Saturday, March 24, 2007

GRADING + END OF THE MARKING PERIOD + ONE DAY TO GET IT ALL DONE = HEADLINES!!!!!!!

"Dem leadership pulls DC voting bill from floor; conservative Dems were supporting DC gun repeal...
Leader Hoyer seen yelling at staff on floor...
Speaker Pelosi absent because she is desperately searching for Iraq supplemental votes...
Holmes-Norton standing silently in disbelief."
Tick...tick....tick...BOOM! They've hit the self-destruct button. Ironically, while not included in the first 100 hours, the Devilcrats have actually accomplished something: making me laugh!
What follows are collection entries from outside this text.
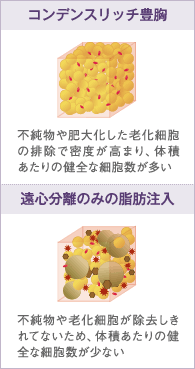 今や豊胸術の主流となった脂肪注入豊胸ですが、なかでもコンデンスリッチ豊胸は採取した脂肪をそのまま注入するのではなく、濃縮された良質な脂肪細胞と幹細胞を注入します。不純物や肥大化した老化細胞を徹底除去しているので、従来の脂肪注入法よりも定着に有利に働く細胞を多く注入することが可能。皮膚の伸展も脂肪の定着に関係するため、皮膚が伸びている産後・授乳とのバストでは、特に高い効果が期待できます。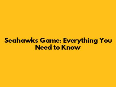 Seahawks Game: Everything You Need To Know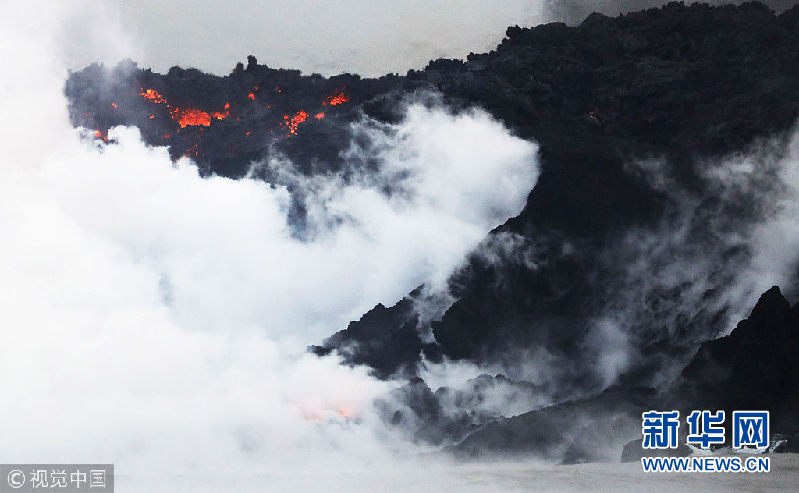 夏威夷火山熔巖流入太平洋 有毒“蒸汽云”升騰火光交映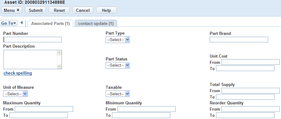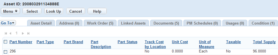 Managing an asset often involves managing the parts commonly used to repair and maintain the asset. Maintenance personnel need to quickly access part information in order to complete work orders. You can associate part records to asset records so that users can view part information such as type, number, brand, description, and quantity in the asset record. When parts are associated to an asset, these standard parts are loaded into work orders generated for that asset. Users can click a button in the work order form to view the parts associated to the asset and then select parts from this list for issuance to complete the work order.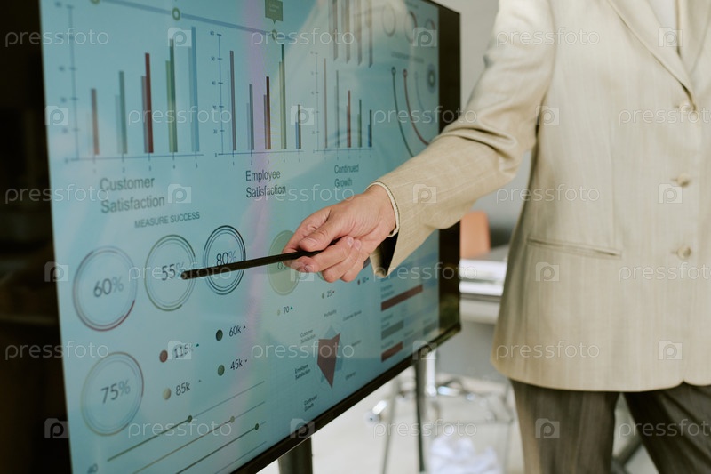 Мужчина средних лет представляет бизнес-аналитику на интерактивном экране

"World's first 'spinal transplant' carried out..."
Realizing his/her spine was not in use [insert name of favorite politician here] he/she donated it to someone who would show some backbone.

"HISTORIAN PLANS BOOK FROM CHATS, TAPES WITH BILL CLINTON..."
Unfortunately, heavy breathing doesn't sell many books. Pron? Yes. Books? No.

"HARVARD CLUB PROMOTES ABSTINENCE..."
Well this is a no-brainer! Trust me, those kids really don't need to be having sex. They think using pocket protectors is safe sex.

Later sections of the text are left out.